Detect if an element is visible (without using jQuery)

问题

I'm trying to detect if an html element I gave an id is visible or not without using jquery.

The context:

In the forgotten user password page, I have a form where the user enter his login name and clicks on submit. After that, if he has set a challenge question, it will be shown and he will be able to answer this question and submits again. (same button before).

My problem:

when the user clicks on submit, in IE, if he clicks on it several times, he'll get one e-mail for each time he clicks on it.

What I think:

I want to disable the button after clicking on this submit button, but I can only disable it if two conditions are correct:

1. If the user has already submited his login name (with no errors).
2. the user has a chalenge question registered and he answered it correctly.

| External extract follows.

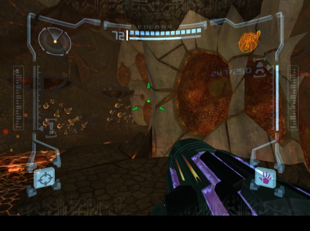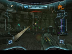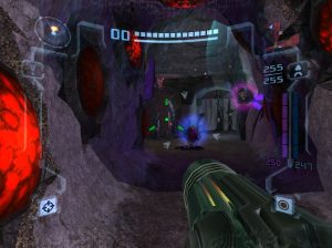 The Ing are particularly terrifying foes, too. They’re not just shadowy monsters, they also possess the bodies of their victims, using them as zombie-like puppets that you must dispose of. Between these eldritch menaces and an environment that’s literally trying its best to kill you, there’s a tremendous sense of terror and menace prevalent in Metroid Prime 2. It’s not quite a horror game – it isn’t particularly gruesome, and it’s not much on jump scares either – but there’s a sense of oppressiveness that pervades the whole experience. Plus, the Game Over sequence is absolutely brutal. The version in the first game, which zoomed in on Samus’ cracked visor, was already a little unnerving, but this game shows an x-ray highlighting the failure of Samus’ heart as beeping indicates the flatlining of her vitals, before the text reads “Mission Failure”. It’s terrifying, so make sure not to die!

I cannot change the process this is done, so I thought about adding an id in the field of the answer and checks if it's visible. if it is and the user clicks on the submit button, I want to apply the attribute disable button on the label. What I don't know is how to do this without using jquery.

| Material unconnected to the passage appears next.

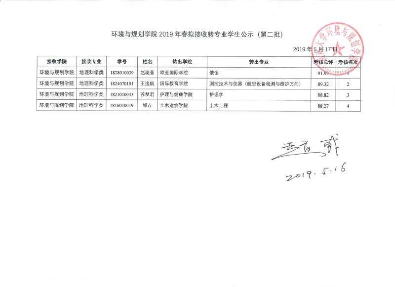【公  示】环境与规划球探足球比分 2019年春拟接收转专业学生公示(第二批)

with jQuery I could do something like this:

if($('#secretAns').is(':visible')) {
    //i think it could be the solution 
    $('#general_Submit.Label').attr( disabled, disabled );

}

to apply on:

<div id="secretAns" class="loginTxtFieldWrapper">
    <font color='red'>*</font><input type="text" name="secretAns" />
    <input type="hidden" name="isAnswerPage" value="1"/>
</div>
<p id="loginSubmitLink">
    <input id="general_Submit.Label" type="submit" value="general_Submit.Label" />" />
</p>

I find hard to search for pure Javascript solutions, because everybody tends to use jQuery, and I can't use it in my application, so if someone can help me to do this with pure Javascript, I'll appreciate.

回答1:

Google helped me finding out how jQuery does it, you can do the same:

In jQuery 1.3.2 an element is visible if its browser-reported offsetWidth or offsetHeight is greater than 0.

Release notes

Searching the source code gave me this:

// The way jQuery detect hidden elements, and the isVisible just adds "!".
elem.offsetWidth === 0 && elem.offsetHeight === 0

回答2:

Please see this it's customary seldom code might be useful

<!DOCTYPE html>
<html>
<body>
<div id="one" style="visibility: hidden;">The content of the body element is displayed in your browser.
</div>

<div id="two" style="visibility: visible;"> I'm Cool
</div>

<div onclick="push();"> Click me </div>
<script>
function push() {
a = document.getElementById("one").style.visibility;
alert("one "+a);

b = document.getElementById("two").style.visibility;
alert("one "+b);
}
</script>
</body>
</html>

above code gives the visibility status of the div using it's ID as U required.

回答3:

As I was thinking about disabling the button, I'm here to write that I was wrong about my idea of solution for this problem, because it would be really costly to make it works. This way, after studying, testing some ideas and reading the ideas @gdoron and @AmeyaRote brought, I figured out that a simple solution was to hide the 'submit' button after clicking on it (the page is refreshed, the validation is checked and the button is available again after this process). So, here is the solution to solve the problem to avoid the user of clicking more than once on the submit button, for this particular case where I cannot disable it (if I disable after clicking, the form was not being submited):

The HTML

I just added the onclick attribute calling a javascript function I created to hide the button:

<p id="loginSubmitLink">
    <input id="general_Submit.Label" type="submit" onclick ="avoidDoubleSubmit();" value="general_Submit.Label" />" />
</p>

The Javascript

function avoidDoubleSubmit() {
    <c:if test="${not empty secretQues}">
        event_addEvent(window,'load',function(){document.ResetPasswordForm.secretAns.focus();});
        document.getElementById('general_Submit.Label').style.display ='none';
    </c:if>
}

回答4:

I wrote this some time back. This handles a lot of cases to my knowledge. This actually checks if the element is being seen by the user in it's current state.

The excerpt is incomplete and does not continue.